Supercapacitors (SCs), also known as electrochemical capacitors, have been widely studied for alternative energy storage devices because they possess high power capabilities, high charge/discharge rates, and very long cycle-life [1–6]. However, SCs still have a low energy density and are not yet practical applications. There are two main strategies to improve the supercapacitors' energy density, including increasing the specific capacitance and enlarging the working window potential. While the capacitance is mainly due to the characteristics of the active electrode materials, the operating window potential is dependent on the properties of electrolytes and the structure of supercapacitors.

In the current study, we proposed to prepare a nanomaterial with high capacitance, high conductivity, and excellent porosity for supercapacitors.
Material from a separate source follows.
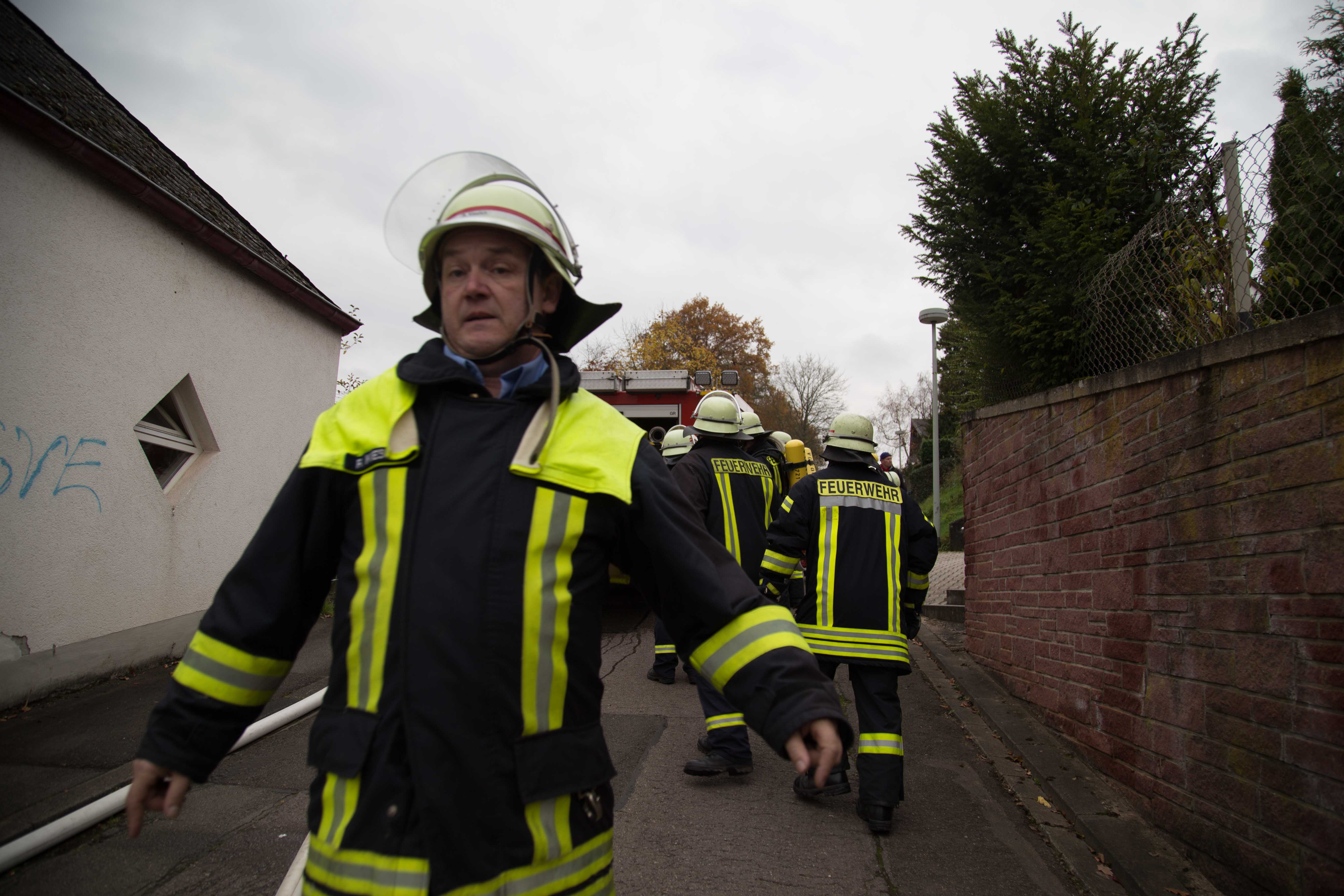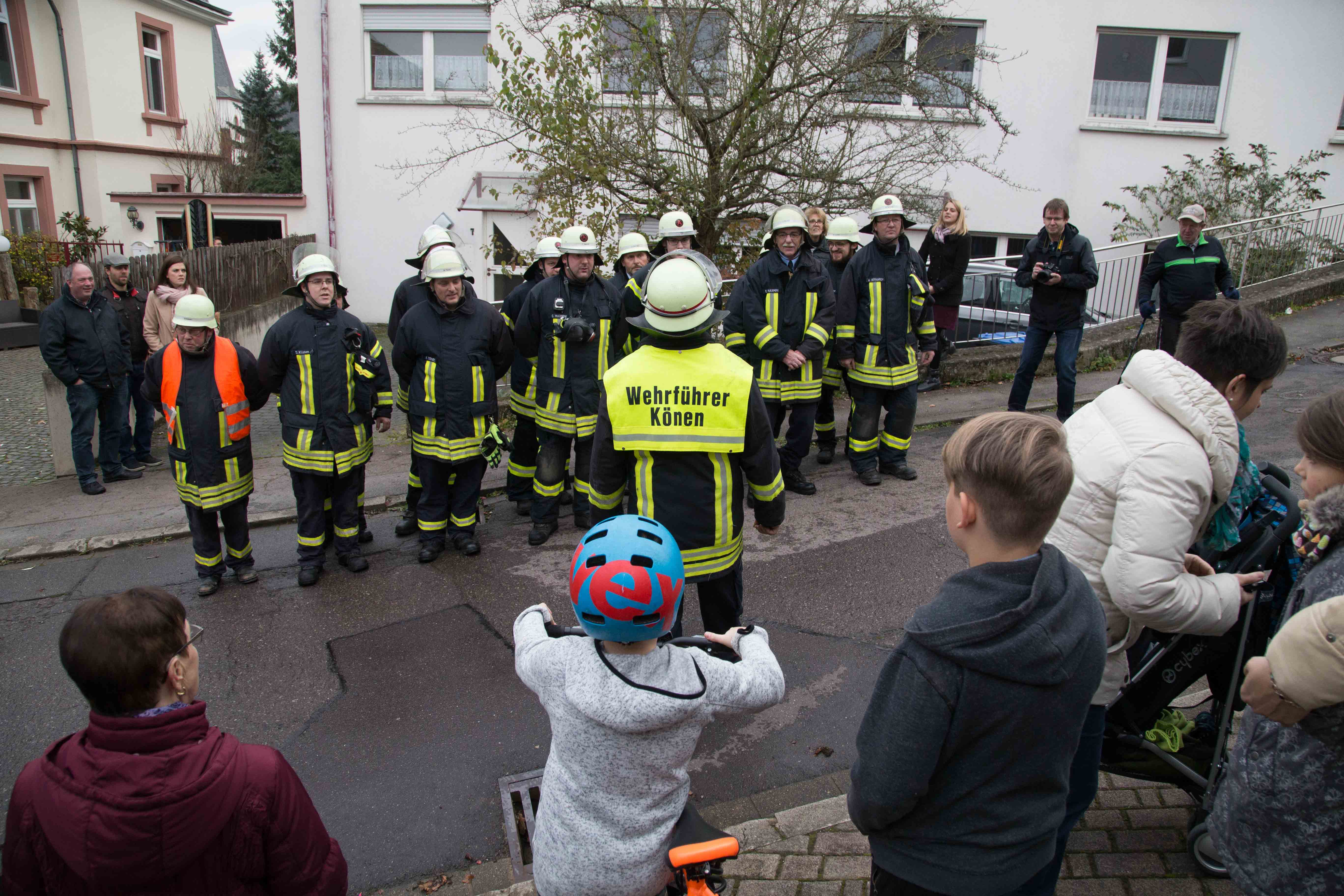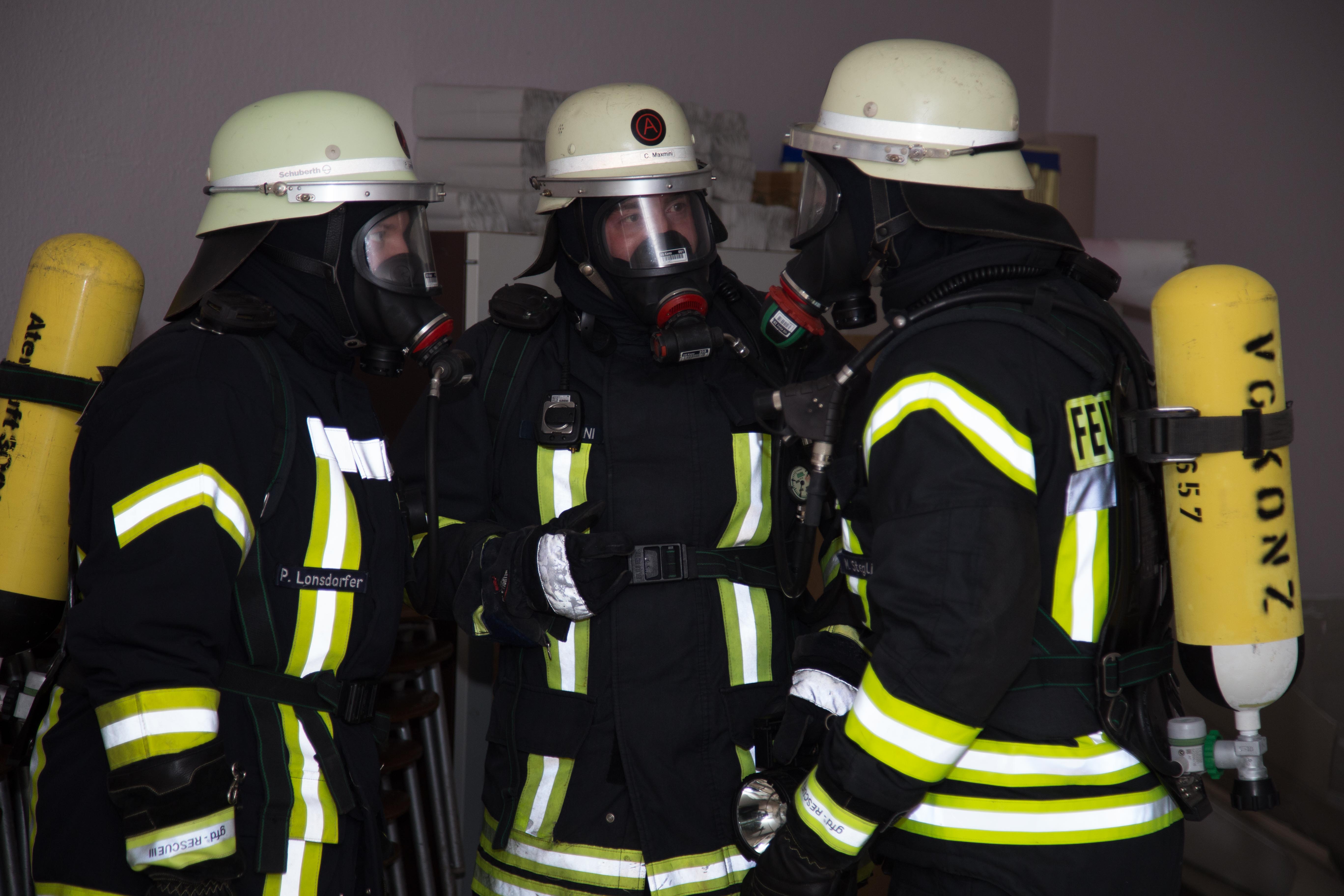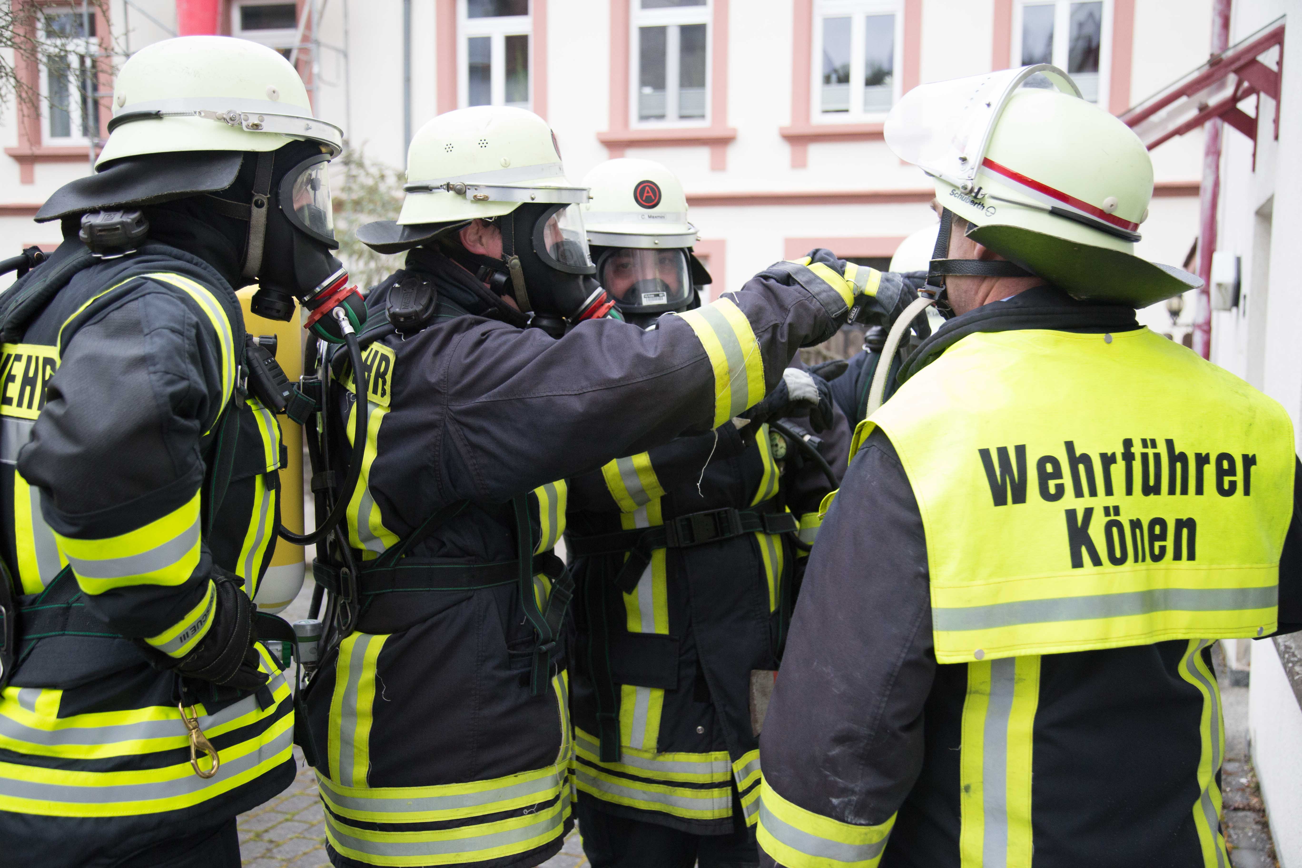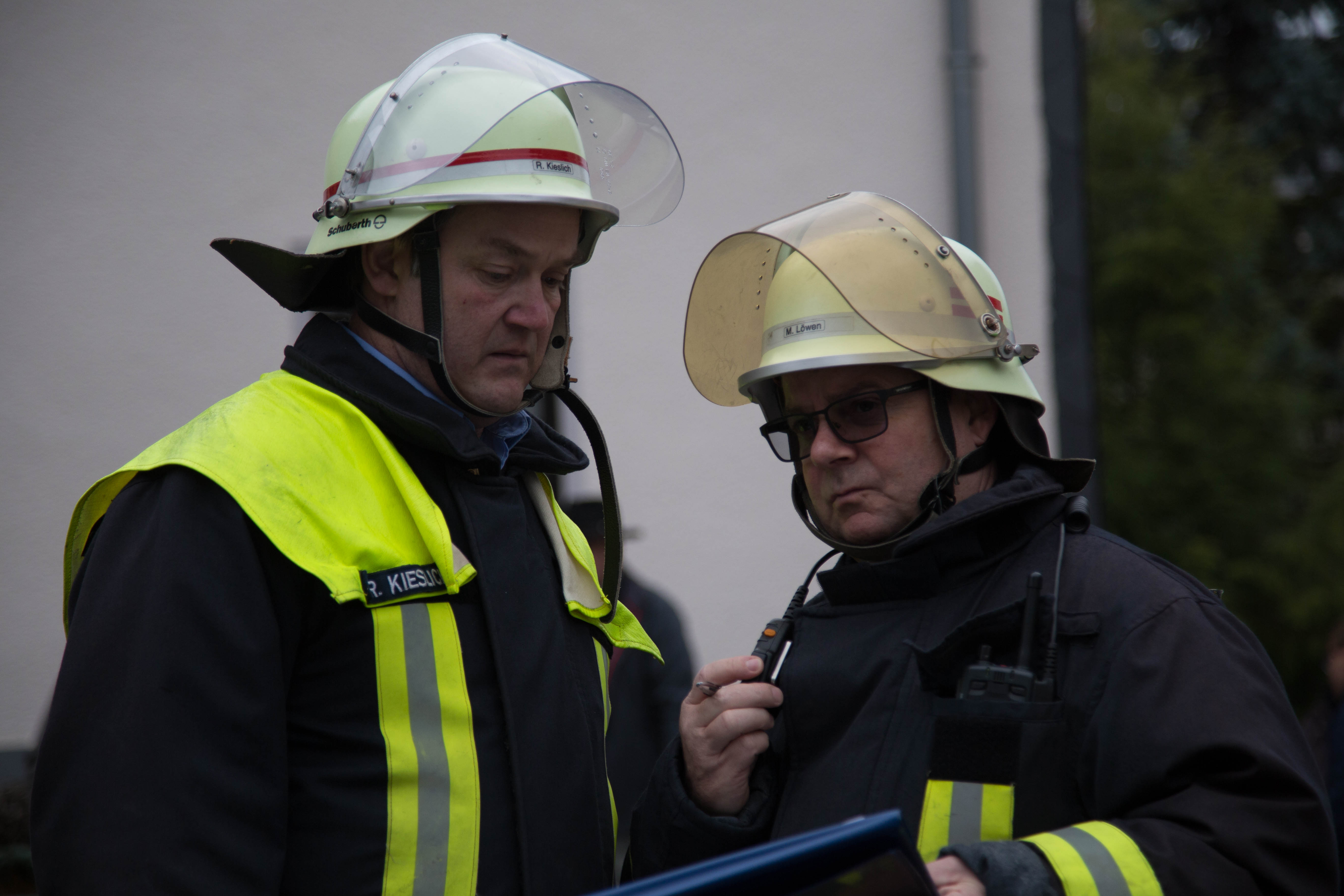 Es war die letzte Jahreshauptübung an gestrigen Samstag für Wehrführer Ralf Kieslich in Konz-Könen. Um 14.00 Uhr heulten mit Unterstützung der FEZ Konz die Sirenen in Könen. Im Jugendheim Am Hohberg entstand ein Schwelbrand mit drei Verletzen im Erdgeschoss. Eine Wasserversorgung aus zwei weiter entfernt liegenden Hydranten mussten aufgebaut werden, während sich der erste Angriffstrupp mit Atemschutzgeräten ausstattete und in das Gebäude vorrückte. Ein zweiter AGT Trupp machte sich zur Ablösung ebenfalls bereit. Viele Könener Bürger schauten die kommentierte Übung über ein Megaphon zu. Drei „Mimen“ konnten im Gebäude unter Bänken und Stühlen aus der Gefahrenzone gerettet werden. Der Wehrleiter der VG Konz Mario Gaspar, der neue Bürgermeister der VG Konz und der Stadt Konz, Joachim Weber und Ortsvorsteher Dr. Detlef Müller-Greis beobachteten den Übungsablauf.

The prepared composite consists of bimetallic sulfides (NiMoS₄) and reduced graphene sheets (RGO). It was reported that NiMoS₄ had an excellent theoretical specific capacitance because of its Faradaic redox reactions with multiple valence states and active sites. Besides, this material is abundant and environmentally friendly [7–9]. However, NiMoS₄ shows a low intrinsic electric conductivity [10, 11]. The combination of NiMoS₄ and high conducting materials such as graphene is studied to overcome this issue [2, 10].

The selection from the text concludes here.